Discussion in 'Commercial Snow Removal' started by Willman940, Dec 13, 2010.

  1. Willman940

    Willman940 Senior Member
    Messages: 325

    In the fire service there's always a stress on "what have we learned" after a big even, usually talked about in a conference or something and this findings published in the chiefs association magazine. I know most of you have been doing this awhile, but not only am I but the company I am working for are new at this so I thought I'd share any insight I had to help anyone I could out. I called it upper midwest because I know it effected that area but if you have something to contribute feel free.

    All that being said, my spelling is poor and frankly I don't have a hole lot of insight right now because in my head it seems like I came, I did, and now it's done.

    One thing I can say is that, during the storm is not a great time to receive a new route. Walkways and sidewalks are very hard to find under 2ish feet of snow. seeing the walk before the snow or having it staked helps a lot.

    which brings be to the reason why there was 2 feet or 3 in some places even though only 18'' fell in most places.

    Wind....your not going to win in a fight against it. and if you think you did you'll probably end up back at the same spot plowing and shoveling again.

    Have a plan, not a lot of good comes from a bunch of guys with big expensive equipment running around like chickens with their heads cut off. reaffirm directions and make sure they are received.

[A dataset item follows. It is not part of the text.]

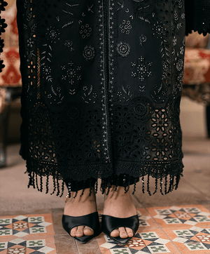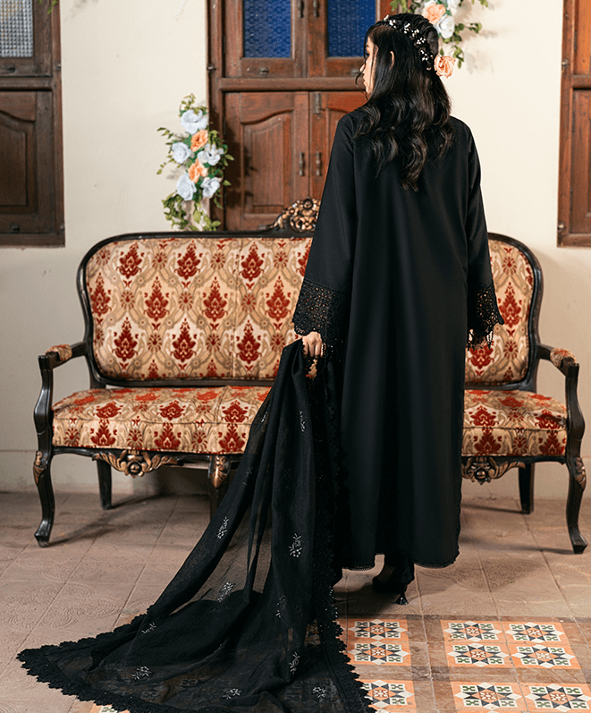 Kaali Ghataa is a classic black piece that exudes timeless sophistication. The beautifully embroidered kameez is paired with matching trousers and a sheer dupatta, creating an alluring look. Perfect for evening wear, this suit blends tradition with modern elegance for a striking yet graceful presence

    maybe I'm nuts, or just inexperienced, or both. I'm not really sure at this point, if I think of anything else I'll add that too but thats all that I can think of off the top of my head.

    Best wishes,

  2. hydro_37

    hydro_37 PlowSite Veteran
    from iowa
    Messages: 3,790

    if you plow with the storm you can make more money
    jn this storm some places got billed 2 times
  3. pohouse

    pohouse Senior Member
    Messages: 322

    Its always a good idea to review what happened and see how you can improve your service. It's all about preparation. And now for the cheezy cliche of the day:
    If you fail to prepare, prepare to fail.

    (You can use that in your report if you want to):salute:
  4. Barrakudaman

    Barrakudaman Member
    Messages: 30

    I definently "prepaired to fail" on this one. It was my first big/nasty/windy storm n my plow broke. And my spare plow truck was not attached to its plow and it was down a road that i could not get out of.

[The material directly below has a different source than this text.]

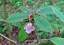Rhododendron glischrum (粘毛杜鹃) is a species of flowering plant in the family Ericaceae.[2] It is native to northeastern India, southern Tibet, Myanmar, and northwestern Yunnan, China, where it grows at altitudes of 2,400–3,600 m (7,900–11,800 ft). It is an evergreen tree[3] that typically grows to 2.4–7 m (7.9–23.0 ft) in height, with leaves that are oblong to broadly oblanceolate and 14–22 × 4.6–6.5 cm in size. The flowers are pink with purple flecks and basal blotch.

    I have a 2" trigger with all my accounts. so if i can i would try to plow 5 times and bill 5 times, however I was only able to plow everything twice or three times. how do you guys bill this.

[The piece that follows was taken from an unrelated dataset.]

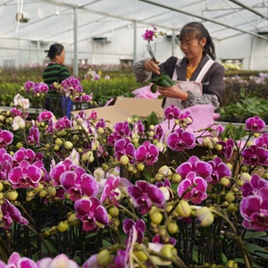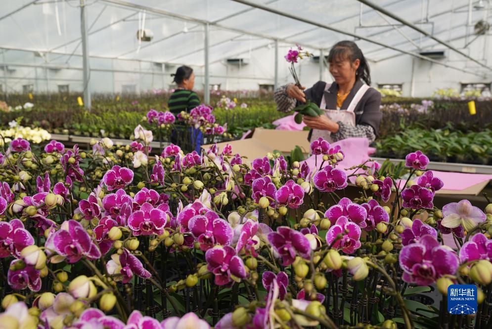 9月18日,農戶在大棚內挑選蝴蝶蘭。

    p.s. my spare plow truck now has a spewing front transmission seal now;-( 98 ford f-250 gas - should i just rebuild the tranny while im at it?
  5. SnowMatt13

    SnowMatt13 PlowSite.com Addict
    Messages: 1,559

    Being prepared is one of the best things you can do.
    Mind you, you had a storm that doesn't roll around every year but you always have to think worse case. Parts, fuel, extra trucks. And sometimes no matter how much you think you are prepared, something still happens. You work with mechanical things.
    Don't forget what you just learned.
    Would carrying some spare parts been able to fix your plow?
    Do you know of a location where your backup truck could have been stored that is more accessable?
    When I plowed privately, I always had someone ready to back me up. Someone who I could call anytime and they could/would have a vehicle ready. It cost me to pay them and sometimes I just broke even if I had to use them, but it kept the customers happy.
    Also, like you I had a 2" trigger on the majority of my accounts. When we got a big snow, I just made sure they were serviced on time and that I could service them on time rather than getting 5 plows in a 10 inch storm. I built my routes on what a truck could handle time wise for an "average" event for my area. Here, 2-4, 3-5 and 4-6 totals are about average. The times we hit 6+ in a year I can count on one hand.